Directions for this task> The following data has a line with "사용방법은 간단합니다. Hatch" and a line with "25ÀÏ °°Àº Àå¼Ò¿¡¼". Write out exactly those lines and all the lines between them.

*** Opening Excerpted records ***

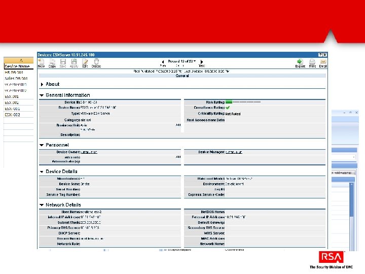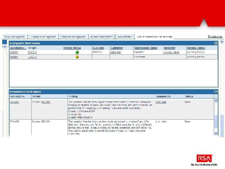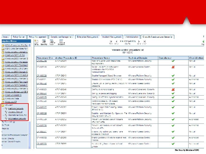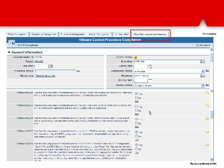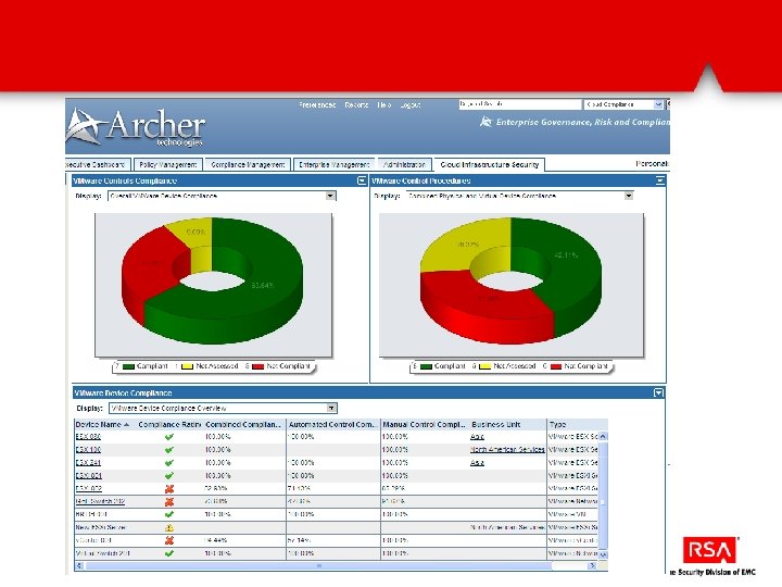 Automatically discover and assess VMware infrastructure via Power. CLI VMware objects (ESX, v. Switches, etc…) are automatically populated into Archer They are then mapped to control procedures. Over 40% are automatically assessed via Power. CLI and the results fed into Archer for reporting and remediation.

*** Closing Excerpted records ***
*** Opening Excerpted records ***

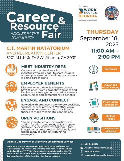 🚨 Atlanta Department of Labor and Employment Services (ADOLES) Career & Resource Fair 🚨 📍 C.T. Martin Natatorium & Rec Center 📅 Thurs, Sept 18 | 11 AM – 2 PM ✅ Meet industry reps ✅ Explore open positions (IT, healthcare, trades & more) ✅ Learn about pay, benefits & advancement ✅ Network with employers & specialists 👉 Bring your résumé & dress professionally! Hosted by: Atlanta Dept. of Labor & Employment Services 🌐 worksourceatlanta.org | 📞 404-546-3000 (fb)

*** Closing Excerpted records ***
*** Opening Excerpted records ***

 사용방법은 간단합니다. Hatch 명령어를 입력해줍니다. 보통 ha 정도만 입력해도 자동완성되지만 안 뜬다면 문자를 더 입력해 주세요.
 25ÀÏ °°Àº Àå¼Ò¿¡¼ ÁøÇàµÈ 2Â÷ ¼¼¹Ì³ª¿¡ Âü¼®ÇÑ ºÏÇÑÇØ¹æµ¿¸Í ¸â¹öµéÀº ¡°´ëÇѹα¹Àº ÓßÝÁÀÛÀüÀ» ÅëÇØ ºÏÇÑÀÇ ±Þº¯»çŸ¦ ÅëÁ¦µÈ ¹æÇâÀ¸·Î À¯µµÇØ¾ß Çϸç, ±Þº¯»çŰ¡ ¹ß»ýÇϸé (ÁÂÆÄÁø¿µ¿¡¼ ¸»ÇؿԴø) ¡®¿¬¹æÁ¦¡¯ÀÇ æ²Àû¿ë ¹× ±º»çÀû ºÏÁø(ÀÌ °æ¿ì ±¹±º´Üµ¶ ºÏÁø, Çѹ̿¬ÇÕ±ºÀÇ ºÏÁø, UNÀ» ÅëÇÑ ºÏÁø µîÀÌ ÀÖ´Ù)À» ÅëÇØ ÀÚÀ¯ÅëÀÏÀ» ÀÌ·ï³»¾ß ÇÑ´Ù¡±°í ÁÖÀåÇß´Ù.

*** Closing Excerpted records ***

Finished exercise>
 사용방법은 간단합니다. Hatch 명령어를 입력해줍니다. 보통 ha 정도만 입력해도 자동완성되지만 안 뜬다면 문자를 더 입력해 주세요.
 25ÀÏ °°Àº Àå¼Ò¿¡¼ ÁøÇàµÈ 2Â÷ ¼¼¹Ì³ª¿¡ Âü¼®ÇÑ ºÏÇÑÇØ¹æµ¿¸Í ¸â¹öµéÀº ¡°´ëÇѹα¹Àº ÓßÝÁÀÛÀüÀ» ÅëÇØ ºÏÇÑÀÇ ±Þº¯»çŸ¦ ÅëÁ¦µÈ ¹æÇâÀ¸·Î À¯µµÇØ¾ß Çϸç, ±Þº¯»çŰ¡ ¹ß»ýÇϸé (ÁÂÆÄÁø¿µ¿¡¼ ¸»ÇؿԴø) ¡®¿¬¹æÁ¦¡¯ÀÇ æ²Àû¿ë ¹× ±º»çÀû ºÏÁø(ÀÌ °æ¿ì ±¹±º´Üµ¶ ºÏÁø, Çѹ̿¬ÇÕ±ºÀÇ ºÏÁø, UNÀ» ÅëÇÑ ºÏÁø µîÀÌ ÀÖ´Ù)À» ÅëÇØ ÀÚÀ¯ÅëÀÏÀ» ÀÌ·ï³»¾ß ÇÑ´Ù¡±°í ÁÖÀåÇß´Ù.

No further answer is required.